Wind

Where More Is Not Merrier: The Battle Between Wind and Water in the Pacific Northwest

The Pacific Northwest is endowed with some of the best water resources in the U.S. The steep gradient of the Columbia River and numerous dams across its tributaries provide an incredible opportunity to produce tremendous amounts of renewable hydroelectric power. Hydropower alone provides over 75% of the region’s electricity.

The geography of the Columbia River Gorge also provides for significant wind generation potential. Over the past four years, the region’s installed wind power capacity has doubled.
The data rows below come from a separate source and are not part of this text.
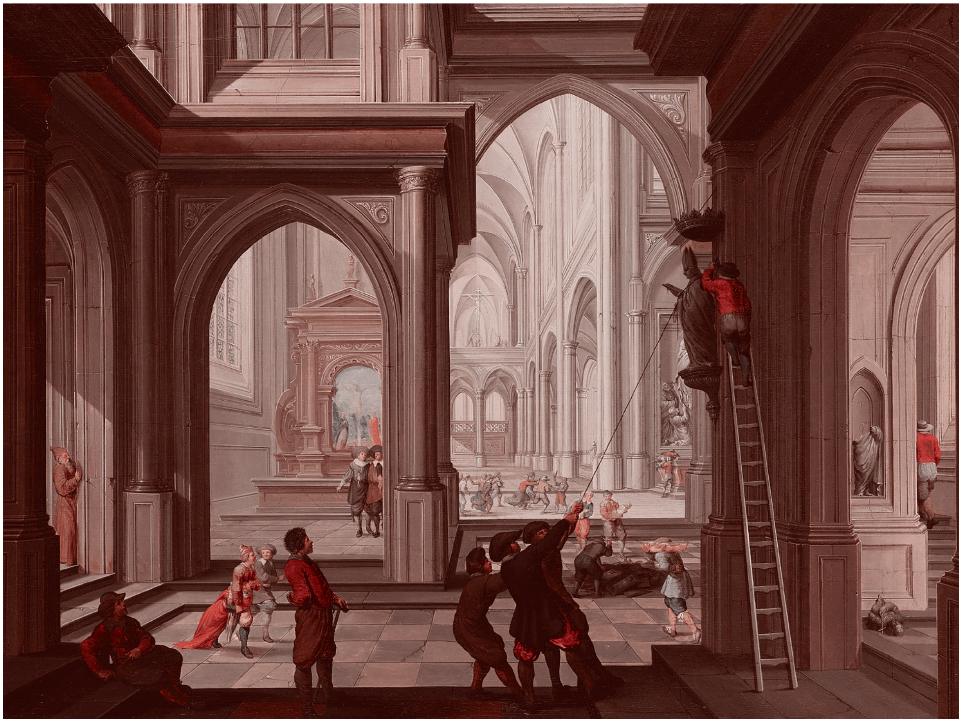
Дирк Ван Делен. Иконоборцы в церкви. 1630

Осуществляя гонение по отношению к создателям и почитателям икон, иконоборцы — причем, вполне себе православно-византийские — ссылались на ветхозаветные заповеди, на книгу Исход, в которой сказано: «Не делай себе кумира и никакого изображения того, что на небе вверху, и что на земле внизу, и что в воде ниже земли».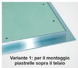
Variante 1: per il montaggio piastrelle sopra il telaio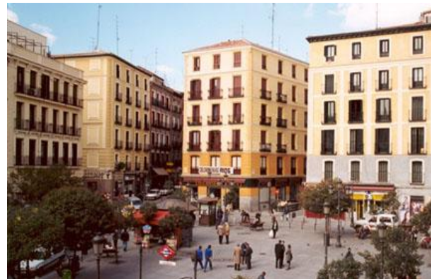
Fig. 2 Viviendas rehabilitadas en Madrid.

A nivel nacional tenemos La Habana Vieja (Fig.3) y Camagüey (Fig.4) como exponentes relevantes de proyectos tanto urbanos como arquitectónicos, que se han llevado a cabo para la conservación de sus centros históricos.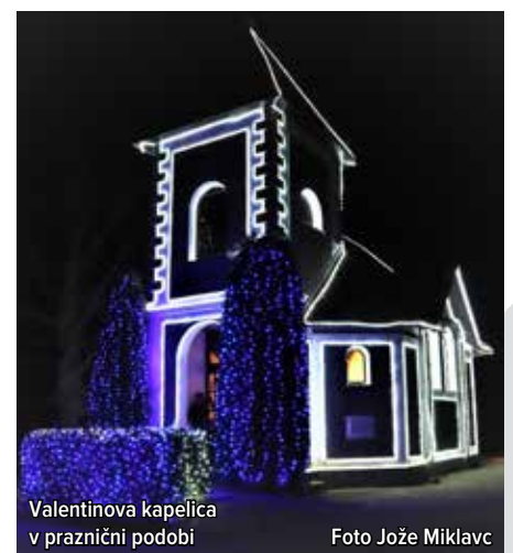
Valentinova kapelica v praznični podobi

motijo, saj je stvar okusa posameznika, kako vrednoti kakšno stvar. Da so jo Slovenci in gostje iz tujine vrednotili kot izjemno predstavo in doživetje, pove podatek o obisku v dobrem mesecu dni, ko si je instalacije »lučke« ogledalo kar 35 tisoč obiskovalcev, kar je navsezadnje že lep gospodarsko pomemben dogodek za kraj in park, ki napoveduje za prihodnje leto povečanje okrasja na 1,5 milijona lučk in nekatere novosti. Rekord dneva (ob dnevu samostojnosti in enotnosti 26. decembra), kar 4000 obiskovalcev, pa potrjuje, da smo Slovenci »mahnjeni« na lepoto po našem okusu, pomembno pa je tudi sporočilo blagovne znamke »Mozirski gaj«, ki so ga ustvarili iz kopriv in pepela mnogi prostovoljci, ljubitelji narave in cvetja ter ekipa ob razumevanju občinskega vodstva, ki verjame, da je prihodnost naše dežele v unikatnem, butičnem turizmu v navezavi z gospodarstvom in turističnimi tokovi v Evropi in širše. Korajžno v 41. leto, Mozirski gaj, sosedje, se srečamo spet ob razcvetu sto tisoč in več tulipanov ter spomladanskega cvetja koncem letošnjega aprila.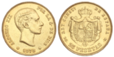
550 325 €

The presence of both renewable forms of generation in large quantities in the same region has led to several operational challenges for the transmission grid operator, the federal agency Bonneville Power Administration (BPA). Although the region typically exports surplus power to load centers in California, there are periods of time when wind power and hydropower exceed the regional demand for electricity. The competition between wind and water has intensified over the past few years. Due to transmission limitations in the Pacific Northwest system, all the extra energy generated by wind and hydro cannot be exported to markets in the east or south. As a result, BPA has had to develop protocols to handle “excess” generation situations when the transmission system cannot absorb additional surplus power. Recent developments suggest that wind may continue to be curtailed ahead of hydro to protect salmon habitat, a protocol that requires BPA to force certain wind units to turn off to maintain grid reliability.

Last year, several wind generation owners in the Northwest appealed to the U.S. Federal Energy Regulatory Commission (FERC), indicating that the treatment of curtailment has led to significant problems with wind facilities’ operations and profitability in the region. Any solution must strike a balance among all of the following interests:

  • Existing hydroelectric plants that have operating constraints to prevent damage to fish habitats and that produce enormous amounts of inexpensive power.
  • New wind turbine owners that are demanding full grid access in order to operate with high availability to produce revenue and production tax credits.
  • The limitations of a grid never designed for sustained overcapacity operation.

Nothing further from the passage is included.